*Task goal*. In the records below, find the line containing "- ROTATING TOE" and the line containing "Fancy Heavy Work"; please repeat exactly the lines from one to the other, both included, and nothing more.
-------- Records for the task
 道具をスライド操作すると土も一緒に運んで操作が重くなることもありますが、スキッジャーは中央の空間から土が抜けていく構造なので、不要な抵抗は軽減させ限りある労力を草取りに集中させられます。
----------------
-------- Records for the task
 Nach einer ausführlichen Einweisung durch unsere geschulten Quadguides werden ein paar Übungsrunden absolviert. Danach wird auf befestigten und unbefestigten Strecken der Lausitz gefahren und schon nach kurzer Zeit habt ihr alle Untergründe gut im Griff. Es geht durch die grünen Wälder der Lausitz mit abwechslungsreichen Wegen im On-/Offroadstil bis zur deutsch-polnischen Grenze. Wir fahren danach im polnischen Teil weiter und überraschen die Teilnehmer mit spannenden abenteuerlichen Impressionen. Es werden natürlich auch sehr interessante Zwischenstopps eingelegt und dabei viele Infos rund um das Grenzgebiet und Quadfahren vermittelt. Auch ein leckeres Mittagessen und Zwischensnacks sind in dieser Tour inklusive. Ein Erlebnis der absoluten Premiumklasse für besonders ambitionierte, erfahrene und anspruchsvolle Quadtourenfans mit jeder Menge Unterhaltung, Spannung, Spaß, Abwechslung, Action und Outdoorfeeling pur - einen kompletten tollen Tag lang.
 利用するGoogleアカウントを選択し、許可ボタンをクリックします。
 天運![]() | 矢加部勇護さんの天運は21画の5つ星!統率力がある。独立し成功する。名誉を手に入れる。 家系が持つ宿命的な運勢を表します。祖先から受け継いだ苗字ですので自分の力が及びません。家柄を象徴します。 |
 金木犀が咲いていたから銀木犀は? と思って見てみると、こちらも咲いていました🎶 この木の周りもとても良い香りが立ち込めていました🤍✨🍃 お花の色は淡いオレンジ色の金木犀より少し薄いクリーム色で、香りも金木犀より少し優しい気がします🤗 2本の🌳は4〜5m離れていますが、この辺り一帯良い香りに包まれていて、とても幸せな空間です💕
----------------
-------- Records for the task
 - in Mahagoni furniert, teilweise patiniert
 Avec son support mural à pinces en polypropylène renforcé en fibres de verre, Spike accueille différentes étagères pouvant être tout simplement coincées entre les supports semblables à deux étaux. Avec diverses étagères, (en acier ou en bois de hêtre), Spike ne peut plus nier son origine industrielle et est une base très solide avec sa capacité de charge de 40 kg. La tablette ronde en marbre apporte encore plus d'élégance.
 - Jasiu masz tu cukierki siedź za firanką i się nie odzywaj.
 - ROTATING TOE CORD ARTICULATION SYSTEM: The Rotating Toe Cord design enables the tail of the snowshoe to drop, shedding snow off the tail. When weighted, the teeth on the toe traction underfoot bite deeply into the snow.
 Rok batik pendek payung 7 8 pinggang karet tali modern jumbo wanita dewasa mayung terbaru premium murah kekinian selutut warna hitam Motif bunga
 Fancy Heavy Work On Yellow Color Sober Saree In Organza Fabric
----------------
*Response below*.
 - ROTATING TOE CORD ARTICULATION SYSTEM: The Rotating Toe Cord design enables the tail of the snowshoe to drop, shedding snow off the tail. When weighted, the teeth on the toe traction underfoot bite deeply into the snow.
 Rok batik pendek payung 7 8 pinggang karet tali modern jumbo wanita dewasa mayung terbaru premium murah kekinian selutut warna hitam Motif bunga
 Fancy Heavy Work On Yellow Color Sober Saree In Organza Fabric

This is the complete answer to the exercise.